There are about 3 to 5% of kids who also need some more kind of intensive support. In our PBA approach, we don’t think about intensifying the consequences, although there are consequences. Of course, logical outcomes to behaviour are important because that's part of learning and reflection, but the focus is on what supports need to be intensified.  We assume that all kids want to do well, and when they are not, we are providing them support they need to do well.

You're describing is a real departure from the traditional school model. How does it change the experience of schools for teachers who aren't working in a specialist area? How do other students respond? What do people say?

It's a really good question because it's challenging for many people. Much of my work involves having conversations to build understanding for teachers and students. I do a lot of explaining why this person's behaviour looks different and why the response also looks different.

In my experience, there's far more need for communication and spending time with those people than there would be if we simply suspend them. Suspending feels like some sort of justice has been done, and people don't need that explained. They're like, "Oh, well, that was like ... job done. I don't need an explanation."

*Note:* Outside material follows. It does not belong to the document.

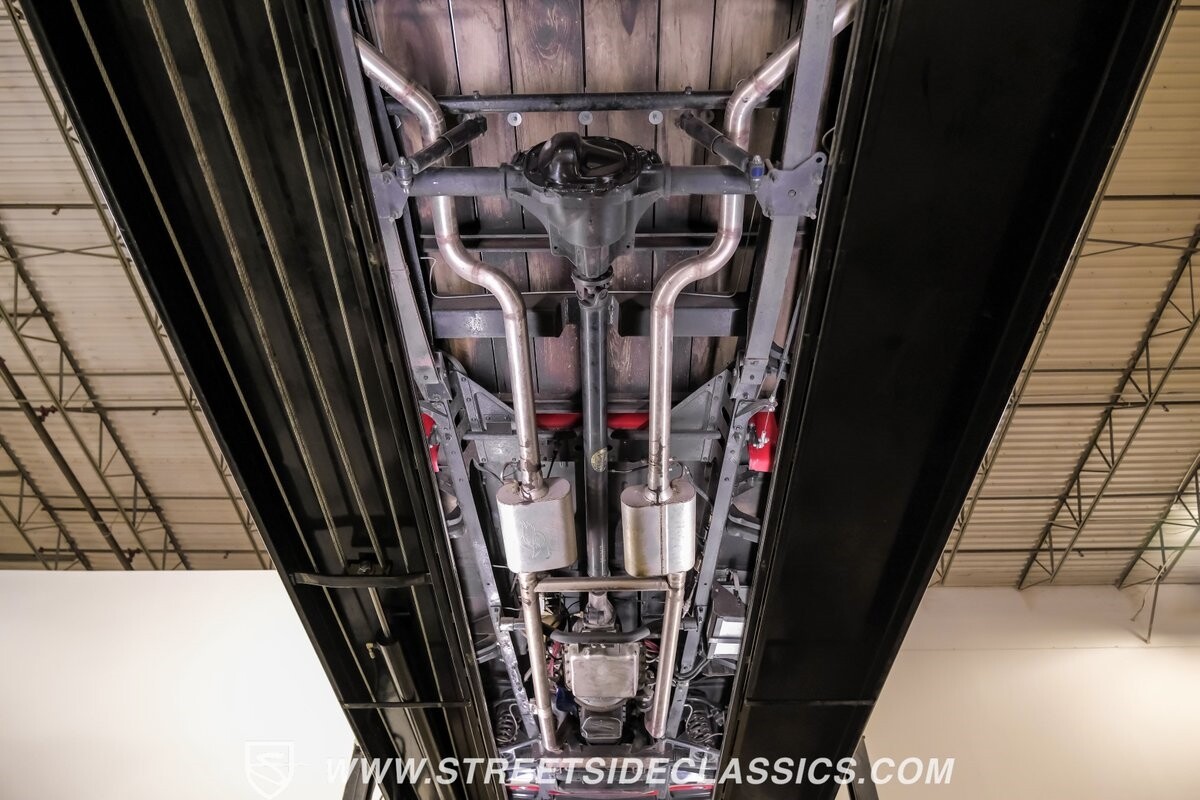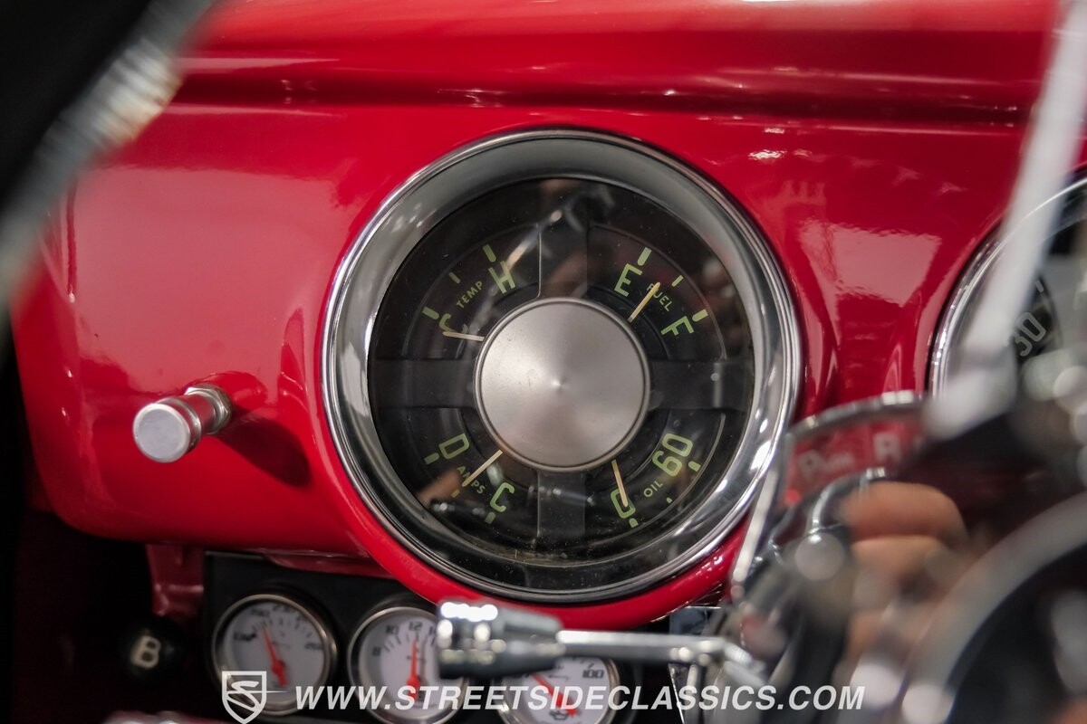 Inside, the interior has been completely revamped to offer a perfect blend of comfort and nostalgia. The original bench seat has been reupholstered in sleek black vinyl, while a tilt column with a custom steering wheel adds a touch of modern flair. Settle into the cabin and enjoy the cool breeze from the air conditioning, as you admire the attention to detail found throughout, from the black door panels and headliner to the plush carpeting underfoot. The Equus gauges mounted under the dash provide a clear view of the truck's vitals, ensuring you're always in tune with your ride.

Never have I been asked to explain why someone has been suspended or what support will be in place for them. Never. But I'm often questioned about why a student hasn't been suspended and why this looks different for this person.

One of the problems is that we are constantly holding kids to expectations that, for whatever reason, they cannot meet just yet, not never, but just not yet. Of course, we want to build skills, and we want to empower kids to be able to function well in their community. But we are setting them up to fail by saying, "These are the rigid expectations, and this is what you must meet."

For many students, school can be very stressful.

In many schools I have previously worked at, a lot of what we would provide a “punishment” for were stress responses- a signal of dysregulation. This is “bottom-up” brainstem behaviour. This response is usually because we’ve presented an expectation that they are having trouble meeting. In these moments, it pays to remain curious about which expectations are difficult to meet and how we might collaboratively work with these students when they are calm. That way, we can collaborate and figure out what they need together.

It sounds like the Positive Behaviour Approach upskills a student population in thinking about people's behaviour and responding to people in a way that deescalates or includes them. There can be knock-on effects on their own families, communities, sporting groups, and workmates. They are going to be meeting people who are neurodiverse. They can potentially leave schools with a broader set of communication and people skills that greatly benefit the broader community.

A hundred per cent. We have a young person in one of our year groups whose neurological condition is super complex. We do so much work with the students in his classes and the kids in his peer group. We coach them on co-regulation, and we coach them on distraction, tactical ignoring and redirection. We coach them in the philosophy that everyone wants to be a good friend. They learn that when they see a challenging behaviour, it signals that their friend is having difficulty and needs their support and understanding.

Even though they are young people building their own sense of self, their willingness to think inclusively and kindly is pretty extraordinary. We see that kids are better at doing that than most adults.

There are so many reasons why a PBA is a much-needed rethink of how we create an inclusive school environment that allows all students to thrive. Early, timely support can change the course of a person's life. We can steer people from the justice system into becoming more integrated community members. This makes moral and legal sense. It stacks up from a physical and mental health perspective. It is a smarter, more effective use of resources. That said, change takes time and a lot of conversations, but they are conversations of the best kind.